How do you factor a polynomial?
Using the FOIL method works with some simple polynomials. FOIL stands for First, Outside, Inside, Last.
For example:
x^2-4x+4 factors to
(x-2)(x-2)
Check your work by multiplying them all. x times x is first, x times -2 is outside, -2 times x is inside, and -2 times -2 is last. Add the terms to get x^2-2x-2x+4 or x^2-4x+4
In the blank equation, (x+a)(x+b), we see that for this type of polynomial ax and bx have to add to make the middle term and a and b have to multiply to equal the final term. Just pick numbers which suit these conditions. It's easy with practice. Difficult to show.
Factoring a polynomial can be done using different methods, but I'll explain one common approach called factoring by grouping.

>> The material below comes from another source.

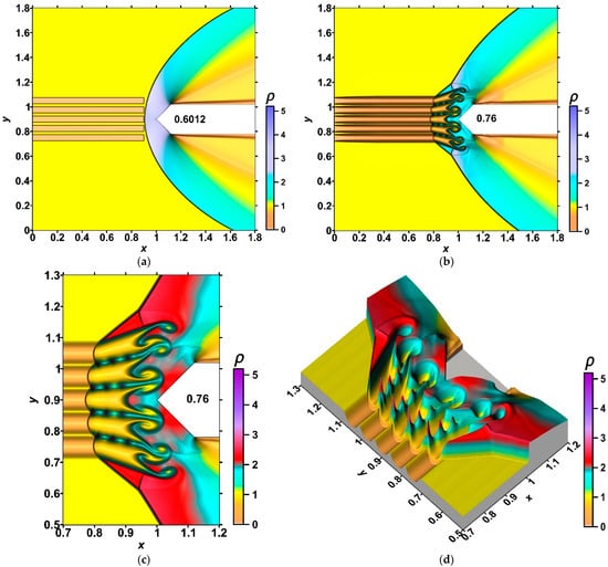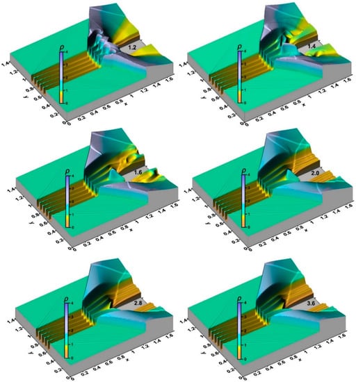 The corresponding dynamics of the density fields in a surface view are shown in Figure 4. It can be seen that the interaction is accompanied by almost complete destruction of the front of the bow shock wave in the zone of layers of the stratified energy source. In addition, sharp peaks are visible, indicating the occurrence of Richtmyer–Meshkov instabilities.

Here are the steps:
1. Look for a common factor: Start by checking if there is a common factor among all the terms in the polynomial. If there is, factor it out.
2. Group the terms: Next, group the remaining terms in pairs. This is done by looking for pairs of terms that have a common factor.
3. Factor out the common factor: Within each group, factor out the common factor.
4. Look for similarities: Check if the resulting factors in each group share any similarities. If there is a common binomial factor, factor it out.
5. Combine the factored terms: Finally, combine the factored terms to form the fully factored polynomial.
Let's look at an example to illustrate the steps. Consider the polynomial: x^3 - 3x^2 + 2x - 6
1. In this case, there is no common factor to factor out.
2. Group the terms: Group the first two terms and the last two terms: (x^3 - 3x^2) + (2x - 6)
3. Factor out the common factor: In the first group, we can factor out x^2, and in the second group, we can factor out 2.
(x^2 (x - 3)) + (2(x - 3))
4. Look for similarities: Notice that (x - 3) is a common binomial factor that can be factored out.
(x^2 + 2) (x - 3)
5. Combine the factored terms: The fully factored polynomial is (x^2 + 2)(x - 3).
It's important to note that factoring polynomials can be more complex, especially for higher-degree polynomials or if there are no obvious factors. In such cases, other techniques like factoring by using the rational roots theorem or completing the square may be required.